» HOW TO COMPLETE THIS TASK
Give back the lines of the entries below exactly as written, from the first line to the line holding "Button-up shirt in", both included, with the pictures omitted.

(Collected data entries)
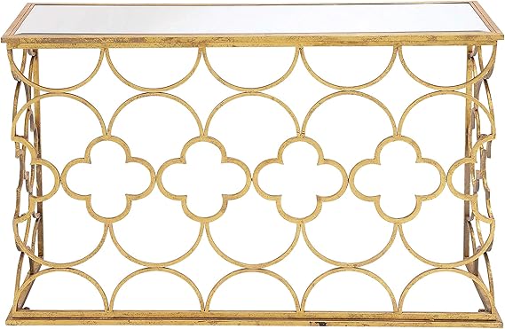 Deco 79 Metal Geometric Quatrefoil Design Console Table with Mirrored Glass Top, 49" x 17" x 31", Gold
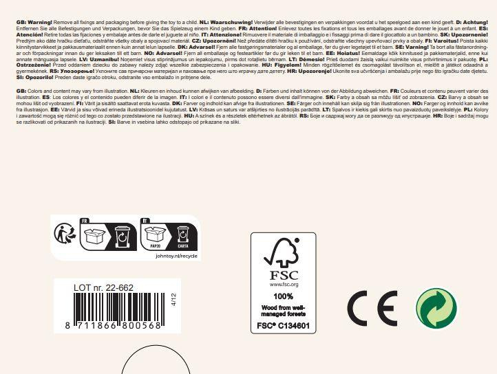 Zabawka wykonana z certyfikowanego drewna wysokiej jakości, pokryta nietoksyczną farbą.
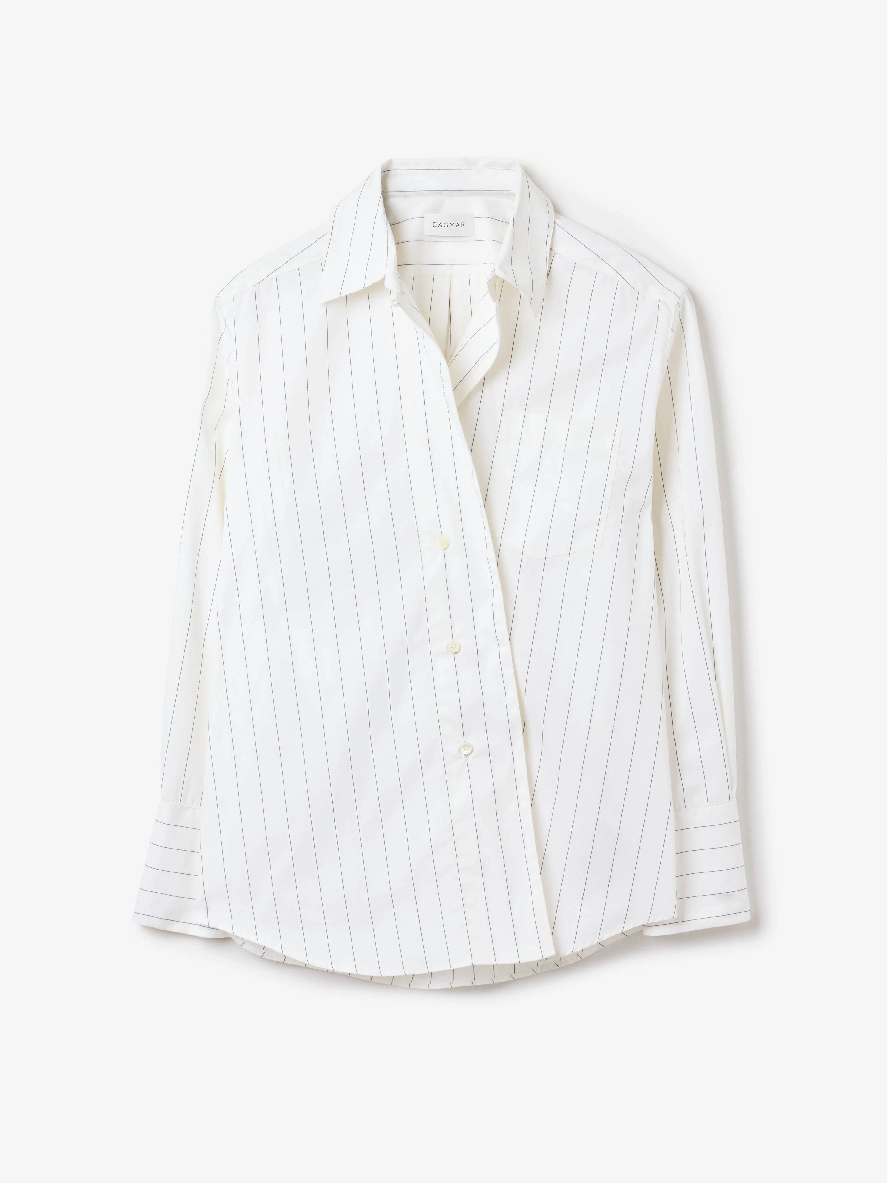 Button-up shirt in lightweight organic cotton poplin with a relaxed fit, asymmetric fold-over collar, and three-buttoned cuffs honouring Dagmar’s three founding sisters. Signature logo on the side. FIT & SIZING Model is 177 cm / 5'8" and is wearing a size 36, UK 8, US 4. MATERIAL 100% Organic cotton GARMENT CARE Machine wash 30 GARMENT ORIGIN Produced in Portugal
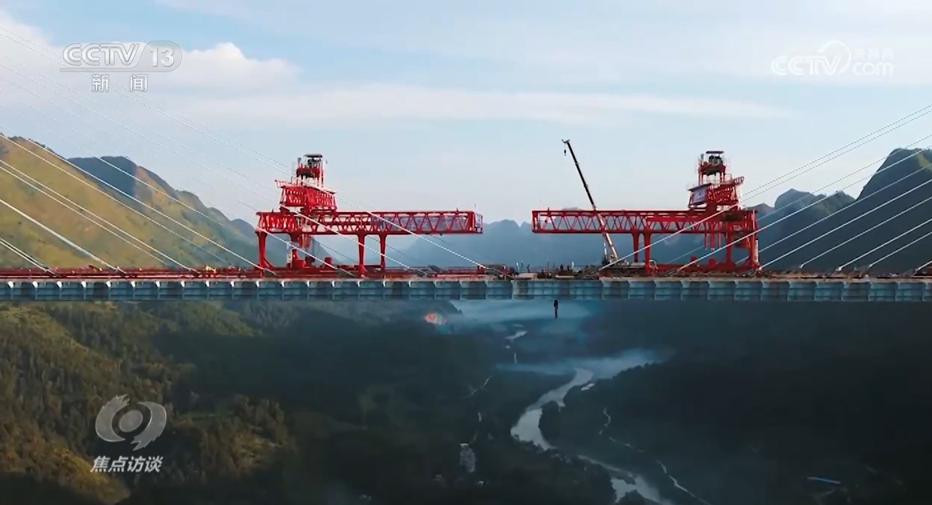 杭瑞高速貴州段,北盤江第一橋,擁有565米的高度和720米的主跨。建造時,主跨被拆分成60個160噸重的節(jié)段,需要在近600米高空進行拼接、合龍。
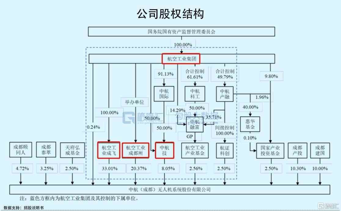 中无人机成立于27年,由国资委控股的航空工业集团及另外10家军工相关企业出资设立而来,目前公司控股股东为航空工业成飞,其持有公司33.01%的股份,而其背后的航空工业集团为实际控制人。
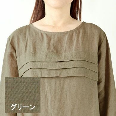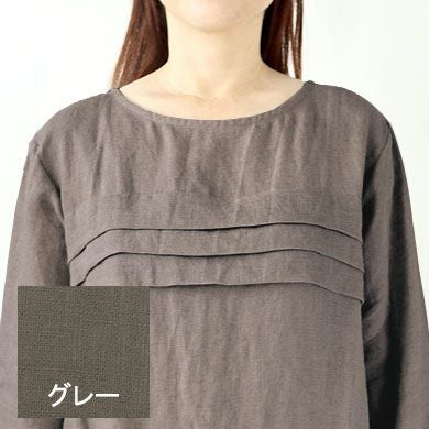 洗い加工のフランスリネンで優雅な夏を やわらかるいリネンレディースワンピース・長袖/かぶり/ラウンドネック 【オーダーメイド】
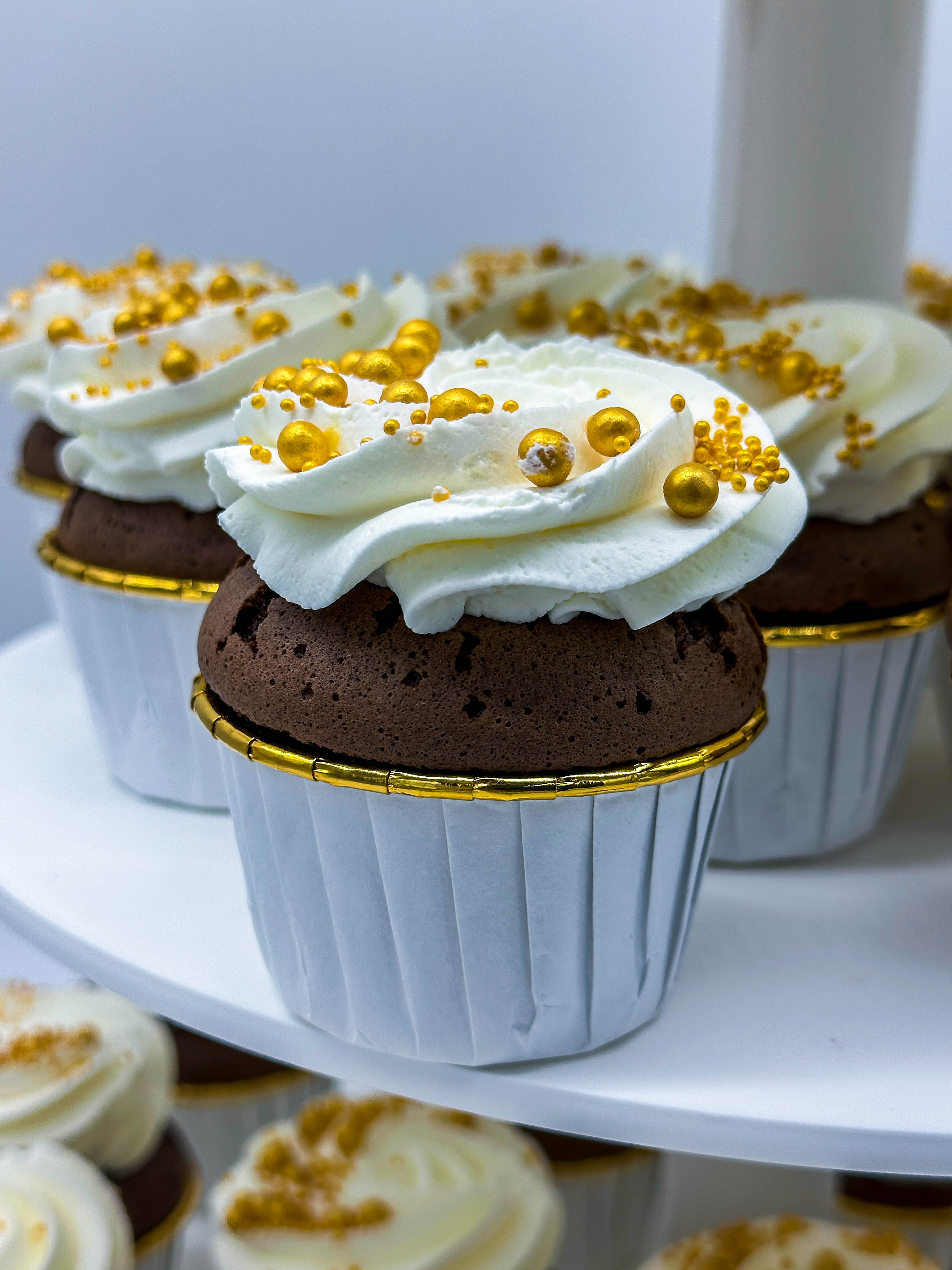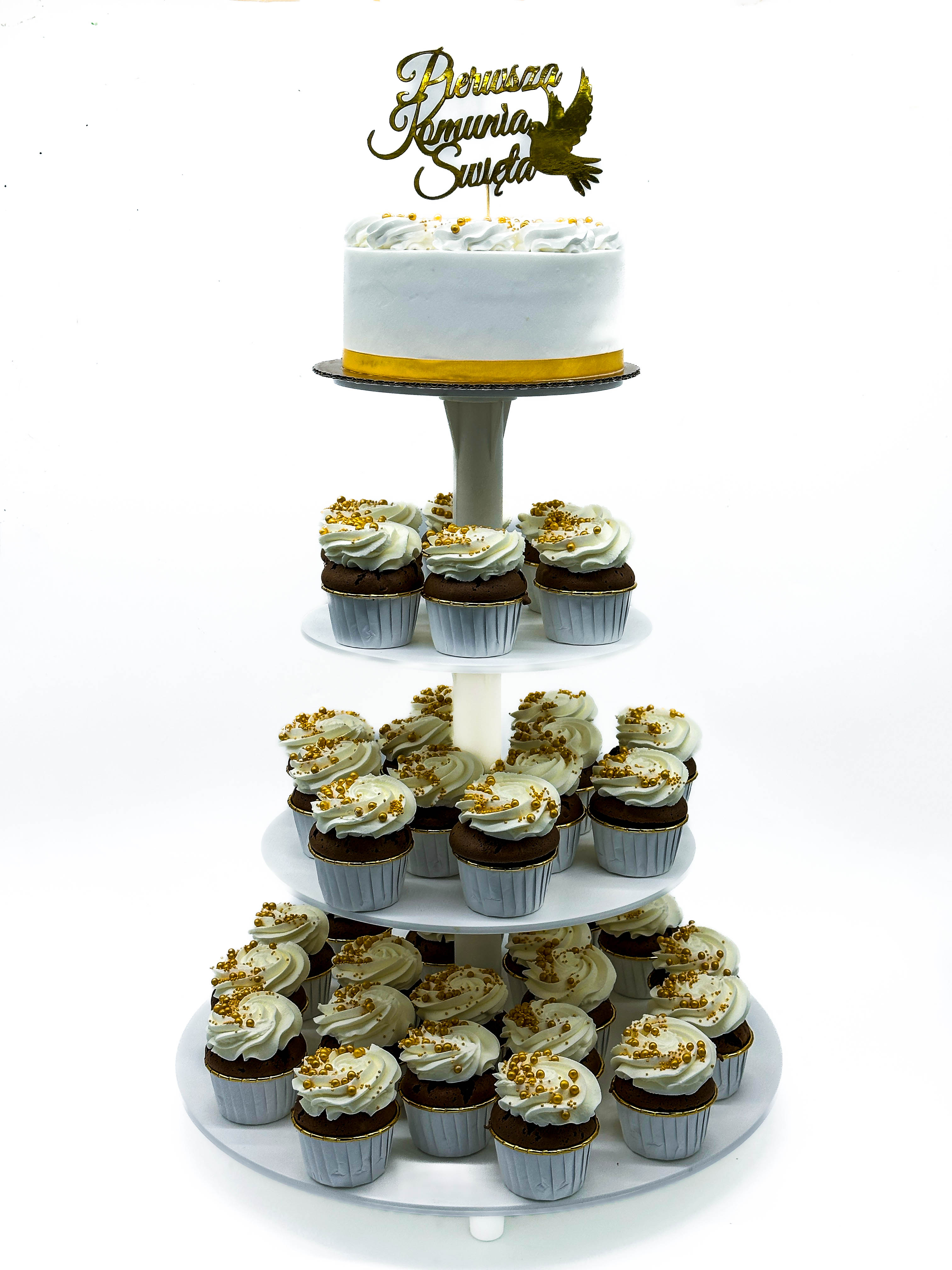 Tego typu zestaw ( tort i babeczki ) coraz częściej zastępuje tradycyjny tort. Tort i muffinki posypane są delikatnie złotymi kuleczkami. Tort przeznaczony maksymalnie do 50 osób.

» FINISHED EXERCISE
 Deco 79 Metal Geometric Quatrefoil Design Console Table with Mirrored Glass Top, 49" x 17" x 31", Gold
 Zabawka wykonana z certyfikowanego drewna wysokiej jakości, pokryta nietoksyczną farbą.
 Button-up shirt in lightweight organic cotton poplin with a relaxed fit, asymmetric fold-over collar, and three-buttoned cuffs honouring Dagmar’s three founding sisters. Signature logo on the side. FIT & SIZING Model is 177 cm / 5'8" and is wearing a size 36, UK 8, US 4. MATERIAL 100% Organic cotton GARMENT CARE Machine wash 30 GARMENT ORIGIN Produced in Portugal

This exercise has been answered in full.